Power and Place: NEH 2011 Summer Institute

Power and Place: Land and Peoples in Appalachia

Visiting Authors

Crystal Wilkinson

{title}One of the core members of the Affrilachian Poets group (http://www.affrilachianpoets.com/), Crystal Wilkinson is best known for her two short story collections, Blackberries, Blackberries and Water Street. Her writing challenges misguided notions of an homogeneously white Appalachia, and hearing from Ms. Wilkinson at such an early date in the institute will be important in helping illustrate the diversity of the region. Water Street examines the secret lives of neighbors and friends who live on Water Street in a small town in Kentucky. Love and truth and tragedy are revealed under Wilkinson’s sure hand. The Washington Post has said of Water Street, “This is a superb, cohesive work which marks Ms. Wilkinson’s evolution as a gifted observer and writer.”

For more: http://www.crystalwilkinson.com/
http://www.tobypress.com/books/water_street.htm

Ron Rash

{title}Ron Rash, poet, short story writer and novelist, is the Parris Distinguished Professor in Appalachian Cultural Studies at Western Carolina University. His novel Serena is centered on newly married George and Serena Pemberton, owners of a logging company in the mountains of North Carolina. Their operation is aimed strictly at maximizing profits, with no regard for either the safety of their workers or the future of the land they’re pillaging. The tragic result of environmental disregard looms large in all of Rash’s fiction, and in Serena, the Pembertons leave behind a “wasteland of stumps and slash and creeks awash with dead trout.”

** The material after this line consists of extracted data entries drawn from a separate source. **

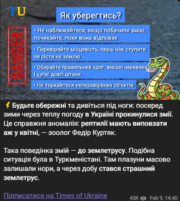 Мешканці України стали свідками тривожної природної аномалії — змії почали прокидатися на кілька місяців раніше терміну через надзвичайно теплу погоду у лютому цієї зими.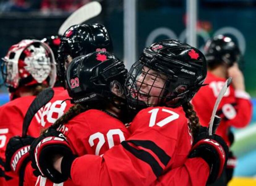 アイスホッケー女子準決勝でスイスに競り勝って喜ぶカナダの選手ら=16日(ロイター=共同)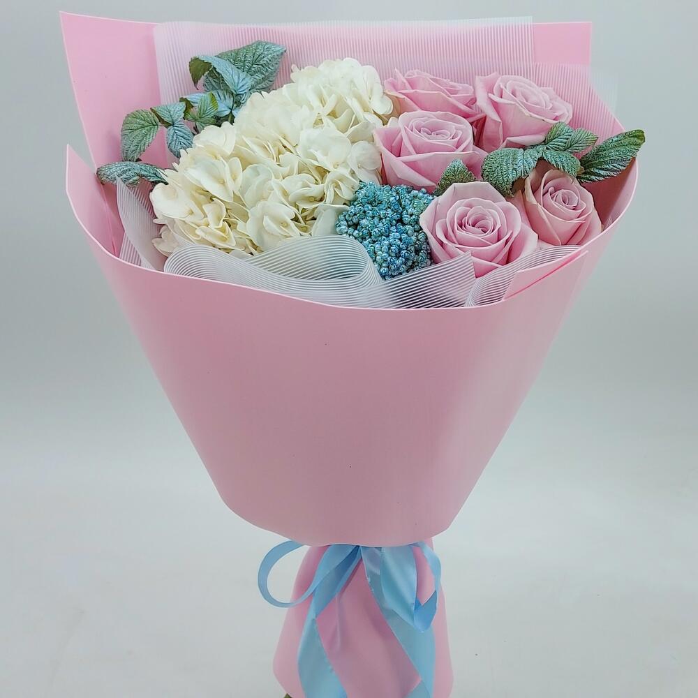 Гортензия – 1 шт.Озотамнус – 1 шт.Роза Эквадор – 5 шт.Упаковка дизайнерская – 1 шт.рубус зелень – 5 шт.
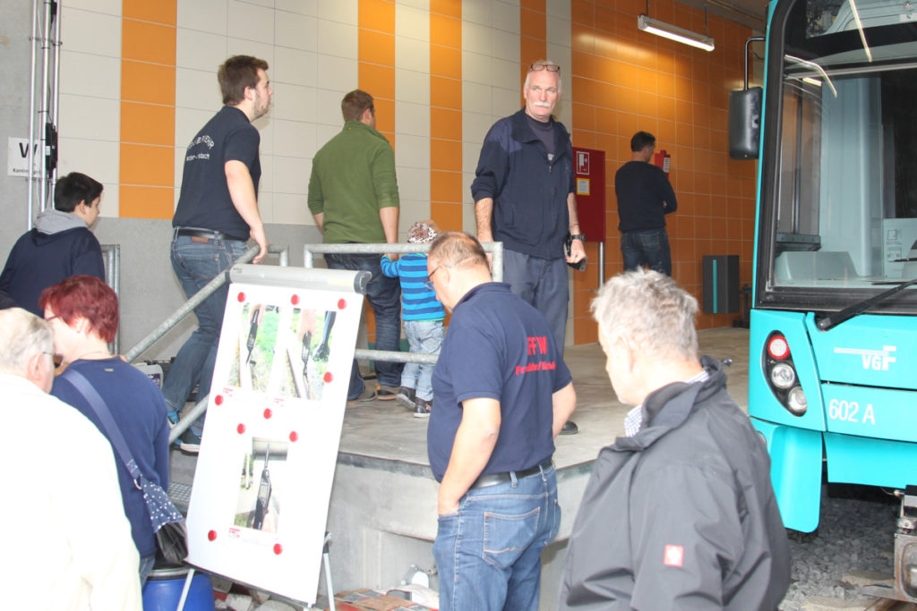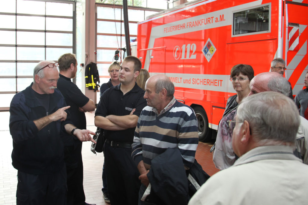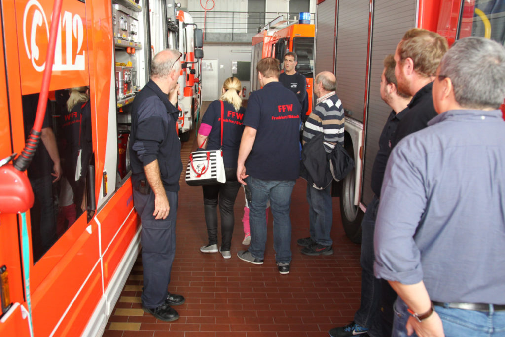 Pünktlich um 10 Uhr traf unser Besuch in einem Reisebus im FRTC ein. Nach der Begrüßung und einem kleinen Frühstück führte uns Matthias Schmidt durch das Ausbildungszentrum der Frankfurter Feuerwehr mit der großen Halle und dem U-Bahnhof. Anschließend konnten wir kurz die Leitstelle besichtigen. Die Führung endete in der Fahrzeughalle des BKRZ, wo Matthias die dort stationierten Sonderfahrzeuge erklärte.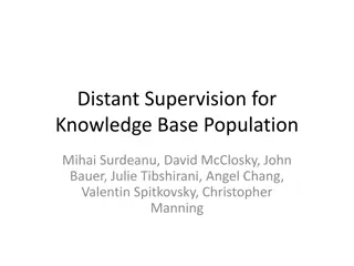 Distant supervision is utilized for knowledge base population, with a focus on slot filling tasks and generating training data automatically from Wikipedia infoboxes. The approach involves mapping infobox fields to slots, finding relevant sentences using information retrieval, and training multiclas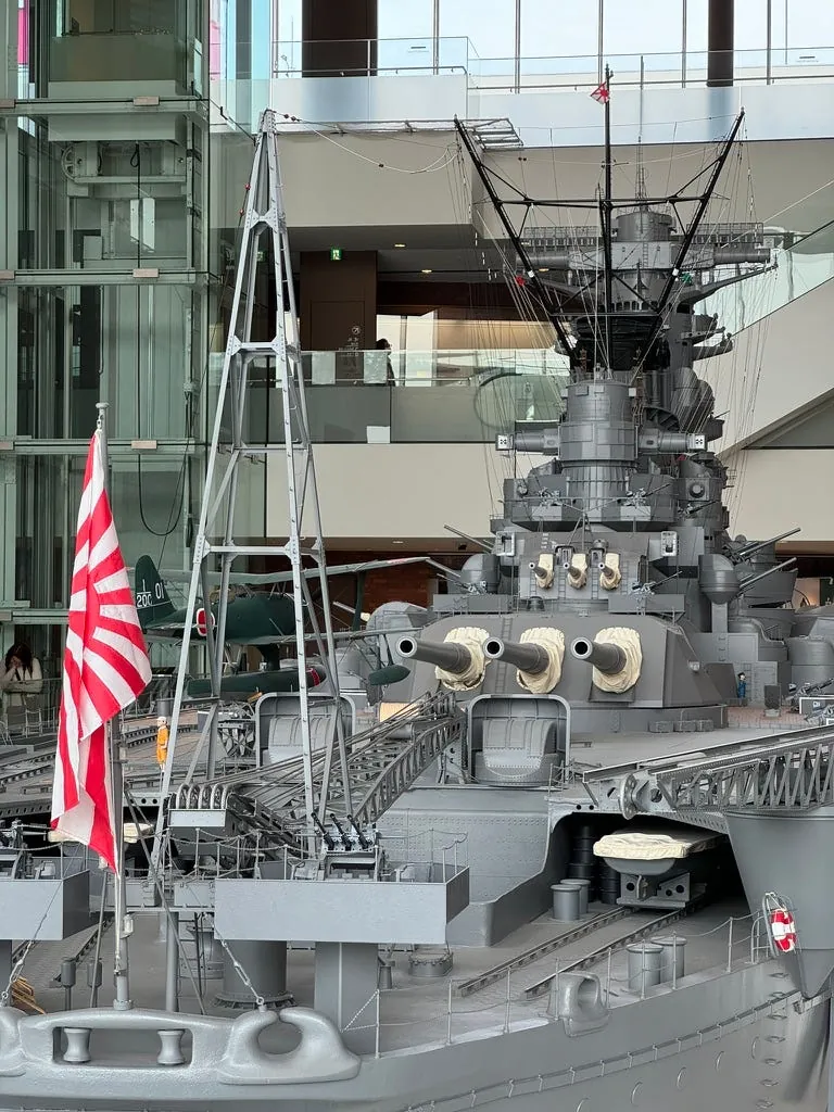 Inside, there is a Yamato battleship model that can be viewed up close in 360 degrees, with almost full detailed accuracy. There are also exhibits on battleships, war history, fighter planes, cannons, and more—an unmissable experience for battleship and military enthusiasts. Additionally, there is a special exhibition on Japanese aircraft carrier design and development history, including original design manuscripts.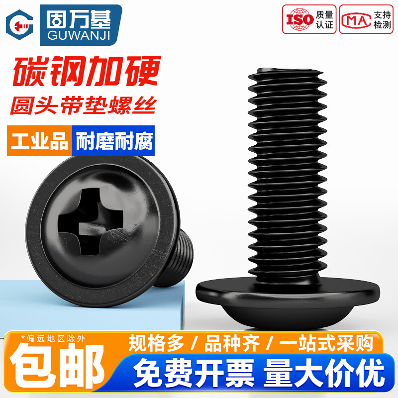 固万基铁发黑十字圆头带垫螺丝钉PWM发黑螺栓机丝盘头带介子螺钉M1.4-M6 M1.4x3x4[1000只]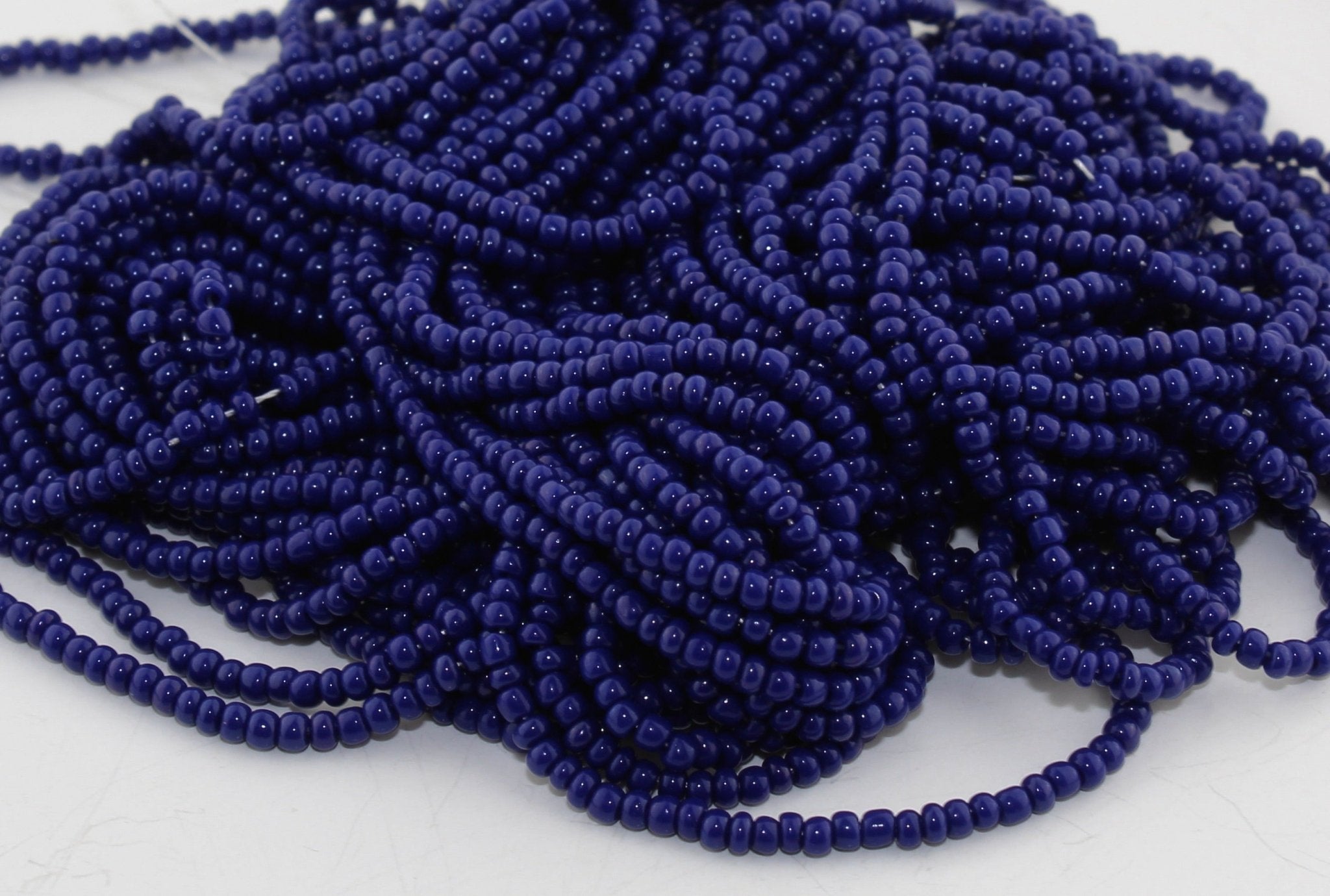They are sold by the hank. There are 12 strands per hank, with approximately 4700 beads per hank.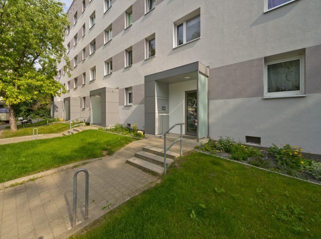 Straßenansicht, Bild: Thomas Laubert Sensibler Eingriff – großer Nutzen. Gewollt unverändert präsentiert sich das äußere Erscheinungsbild nach der Sanierung und fügt sich damit in das Gesamtensemble aus insgesamt sieben Mehrfamilienhäusern ein. Die in den 1920er-Jahren errichtete und unter Denkmalschutz stehende Anlage weist einheitliche Gestaltungsmerkmale auf, welche bei der Umsetzung beachtet und abgestimmt wurden. So präsentiert sich der notwendige Balkonersatzneubau in Stahlbauweise als moderne Interpretation und nimmt die historische Formensprache auf. Geringe Eingriffe mit gezielter Grundrisskorrektur schufen zeitgemäßen Wohnraum. Technisch, energetisch ertüchtigt und ressourcenschonend ausgeführt zeigen die Objekte eine gelungene Sanierung im Bestand.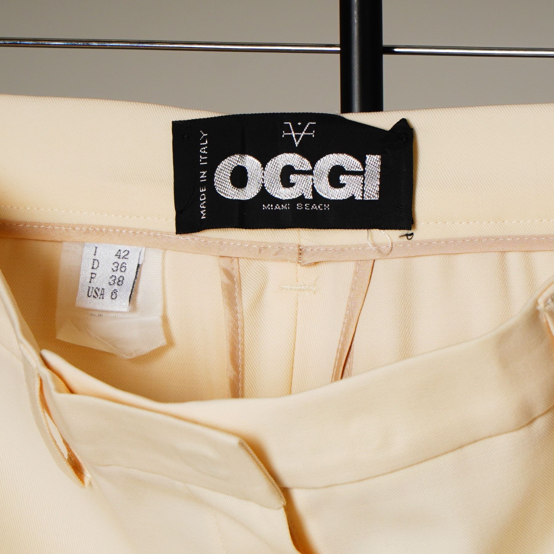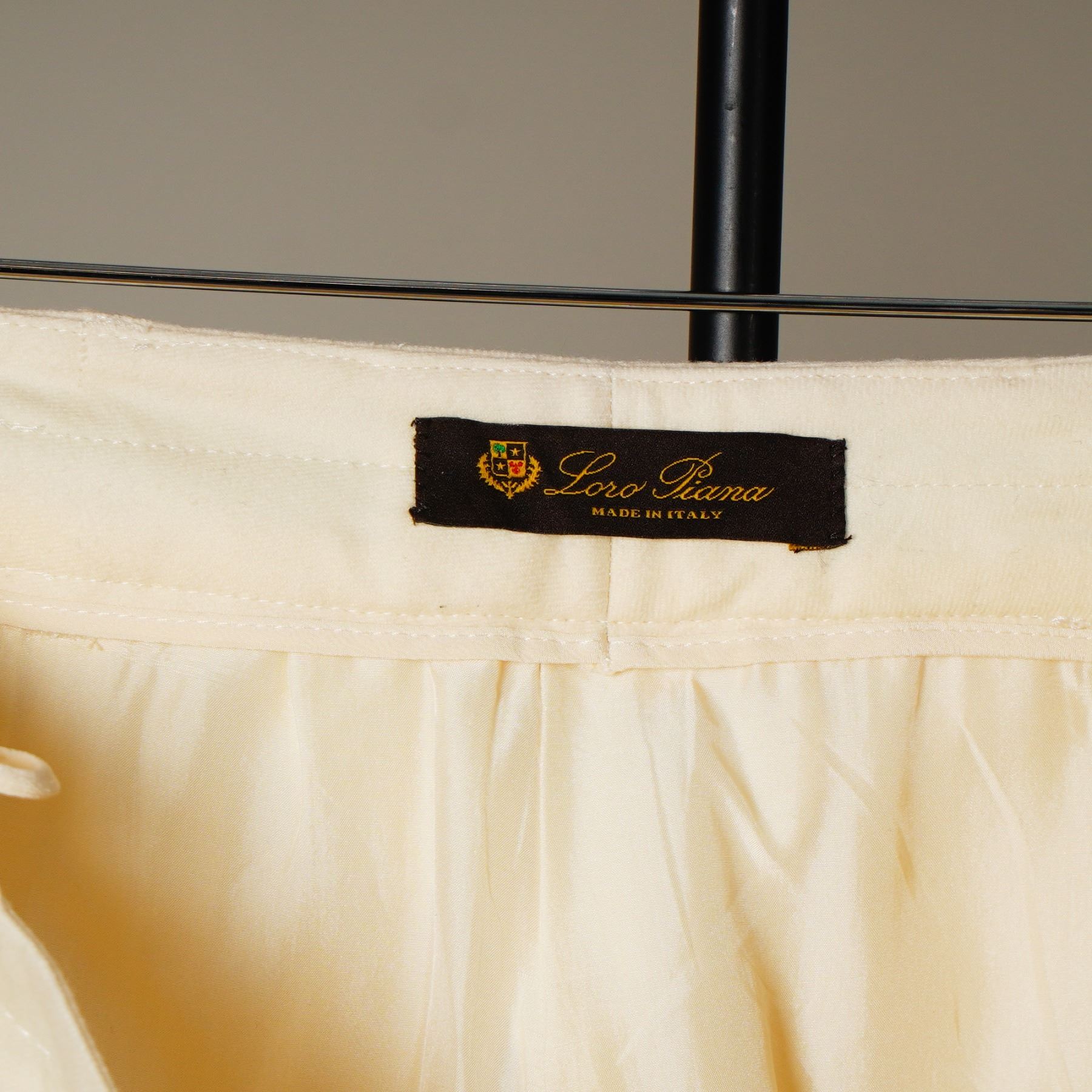 This lot comprises three pairs of luxury Italian-made trousers from Luciano Barbera, Loro Piana, and OGGI Miami Beach. The Luciano Barbera trousers are crafted from a brown taupe silk and wool blend with a textured slubbed weave, featuring a high-waisted silhouette, single-pleat front, dual-button waistband, and a single rear button-through welt pocket. Size 8. The Loro Piana trousers are off-white cream wool pants with a straight-leg cut, rear welt pockets, and belt loops. Size 8. The OGGI Miami Beach trousers are off-white cream wool-blend suiting pants featuring a straight-leg with cuffed hems, rear welt pockets with button closures, and belt loops. Size 6. All three garments feature interior designer labels and are marked as made in Italy.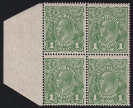 | 1d Green, marginal block of 4, position 7/31-32,37-38, BW 80(4)f + g + hb, wattle line + 1st re-entry flaw below neck |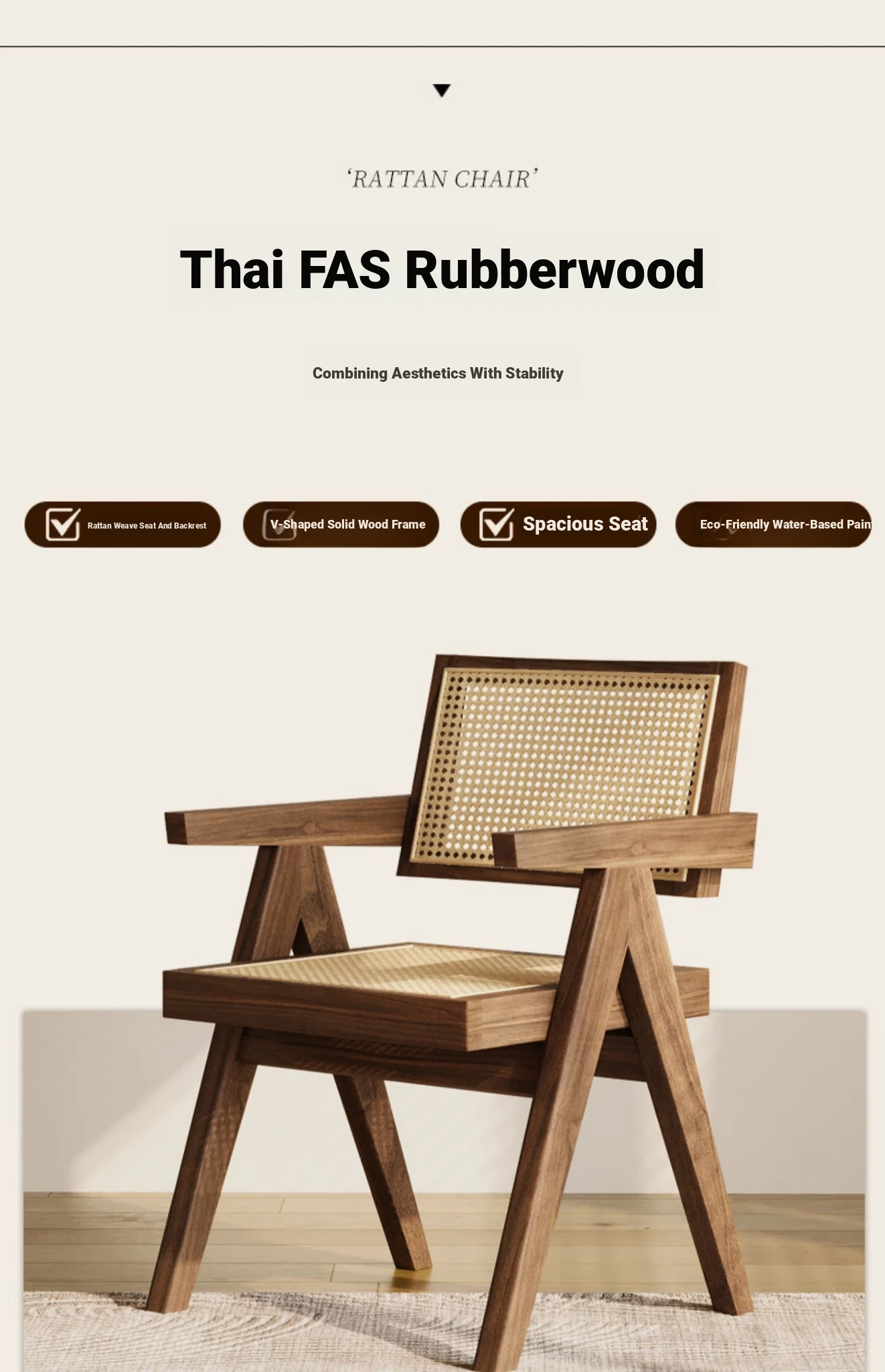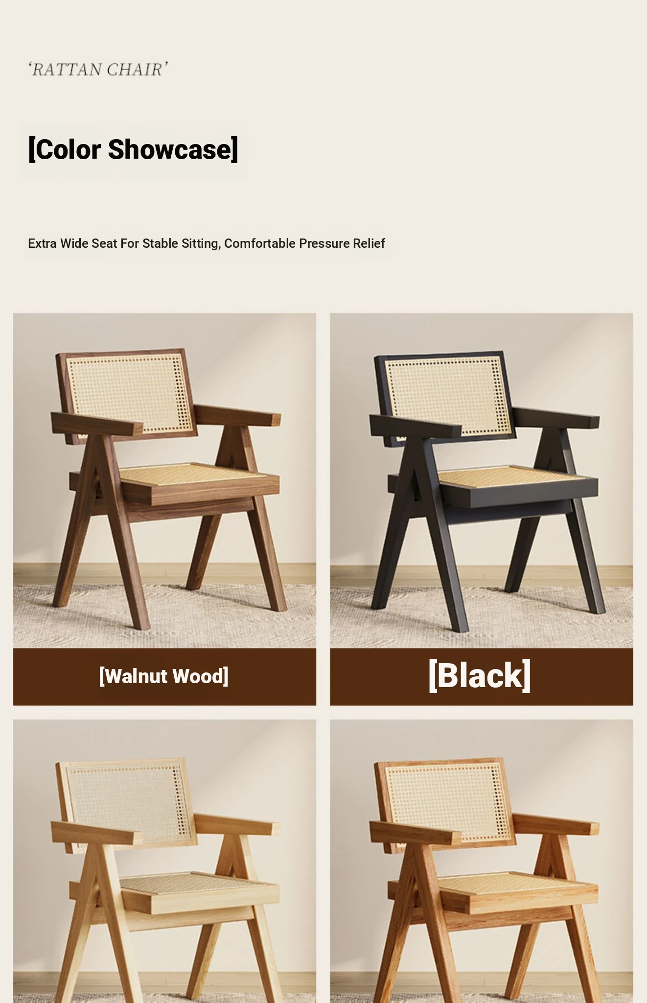 Rattan Walnut Color Solid Wood K Chair("Source Factory 』)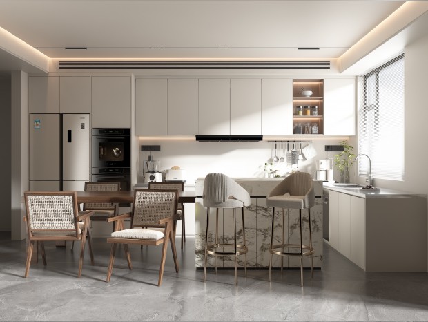 啞光材料的使用能帶來(lái)質(zhì)感與高級(jí)感的提升。選擇色調(diào)細(xì)膩的啞光材料,尤其地面和柜門位置,使裝修更加耐看,創(chuàng)造出令人心馳神往的高級(jí)效果。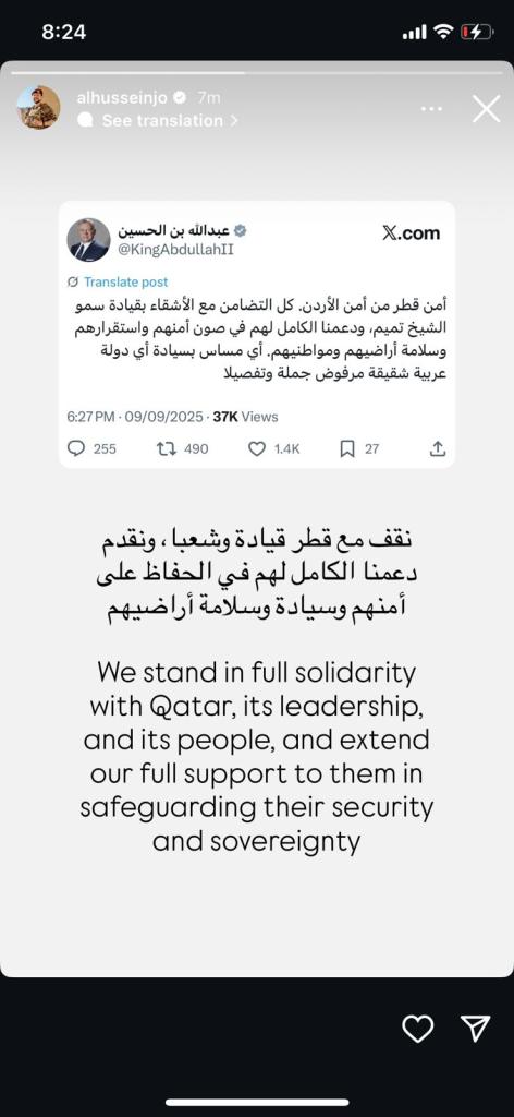 The Crown Prince shared a message from King Abdullah II on Instagram Stories, emphasizing that “Qatar’s security is integral to Jordan’s security.”

For more: http://www.harpercollins.com/authors/33503/Ron_Rash/index.aspx

Denise Giardina

{title}Denise Giardina, a native of West Virginia, is a prize winning fiction writer. Her book Storming Heaven was a Discovery Selection of the Book-of-the-Month Club and received the 1987 W. D. Weatherford Award for the best published work about the Appalachian South. The Unquiet Earth received an American Book Award and the Lillian Smith Book Award for fiction.
Giardina’s Storming Heaven takes place in the coalfields along the West Virginia - Kentucky border during the “West Virginia Mine Wars”. It covers the period 1890-1921, when coal miners were fighting to be unionized. The climax of the novel is based upon the historical 1921 Battle of Blair Mountain between U.S. Army troops and a resisting fledgling union organization. The mining camp Denise Giardina spent her childhood in was less than 100 miles from Blair Mountain and served as the model for the town of Winco in the novel.

Denise Giardina’s 1992 work, The Unquiet Earth, also explores life in the coalfields of West Virginia from the 1930s into the 1990s. As with Storming Heaven, the novel is written from the first hand perspective of several narrators, enabling readers to clearly understand the characters’ views of the United Mine Workers of America and the hope that it is believed to bring. Denise Giardina incorporates a diversity of portraits, not only of coal miners, but also of coal operators, politicians (local and national), and VISTA workers into her works. The novel also chronicles the continual lack of concern for human life by the coal mine operators. This includes such important issues as Black Lung and culminates in a catastrophic flood at the novel’s end, the author’s fictionalization of the 1972 Buffalo Creek disaster.